Reality rears its ugly head

In practice, the estimation of the marginal likelihood is complicated by the fact that the posterior kernel normally has a really tiny area compared to the area under the prior density. Remember that the posterior kernel is unnormalized: once we have the marginal likelihood value, we could normalize the posterior kernal by dividing every value by the marginal likelihood (normalizing constant) to yield a proper posterior distribution that, like the prior, integrates to 1.

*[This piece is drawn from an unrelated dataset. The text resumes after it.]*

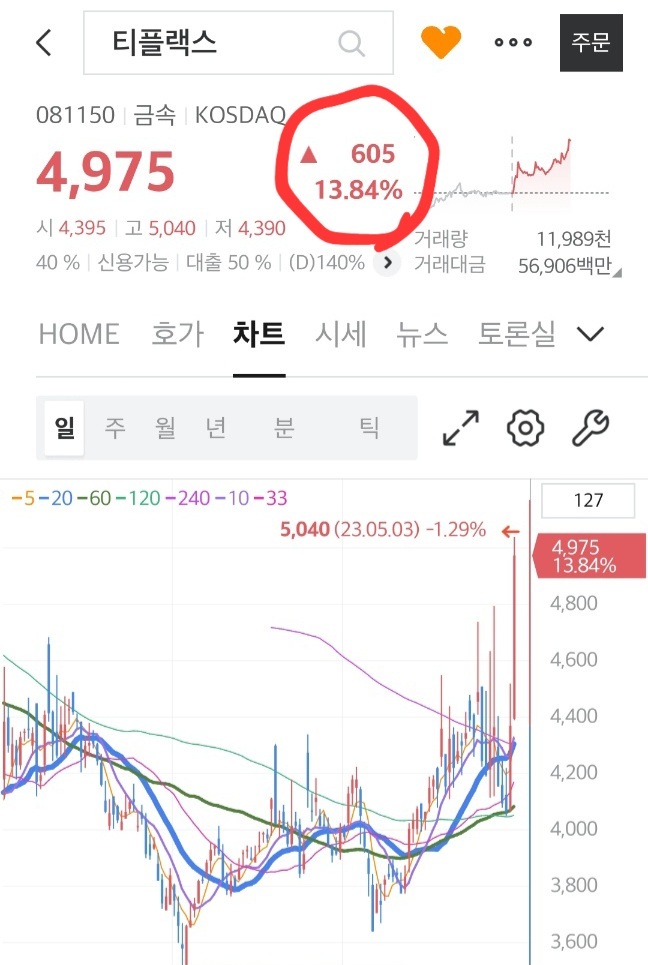 어제 2%대의 수익만 보고 매도해버린 티플렉스가 오늘 13.84%가 오르는 일이 벌어졌다. 이래서 공부를 해야 하는 것이지. 티플렉스 전고점 돌파, 거래량 터짐, 5000원부터 또 저항(올해 5000원도 돌파할 거라 예상한다는 두란님)

What if, instead of flipping the coin just 3 times, we instead flipped it 40,000 times and happened to record 20,000 heads. We now have much more data, which makes the area under the posterior kernel much smaller. The steppingstone nested series of power posterior distributions In this image, there are 6 lines plotted. The 1st one (straight line) is, again, the flat Uniform(0,1) prior and is hidden because it is coincident with the line across the top of the plot. The 6th line plotted is a very tiny nubbin - you may need to zoom in to even see it. That nubbin is the posterior kernel. Hopefully you can begin to see the problem. If we throw darts at the square prior area, chances are that very few (perhaps zero) of them will land underneath that nubbin, so, unless we throw an very large number of darts, we may estimate the marginal likelihood to be zero, which is clearly the wrong answer. The problem is not with our method, it is with the efficiency of our method. It would be great to have a way to get the area under the nubbin without having to throw an astronomical number of darts.

The steppingstone method, as the name suggest, breaks up the problem into smaller pieces, each of which is easier to estimate, just as steppingstones placed at regular intervals in a stream help you cross the stream without getting your feet wet. We define a series of power posterior distributions that form a series of nested densities, each enclosing the next. Throwing darts at the 1st (the prior) allows us to estimate the area under the 2nd. Throwing darts at the 2nd allows us to estimate the area under the 3rd, and so on. Because the (i+1)st distribution is not that much smaller than the ith distribution, each of these estimates can be done efficiently and with arbitrary accuracy.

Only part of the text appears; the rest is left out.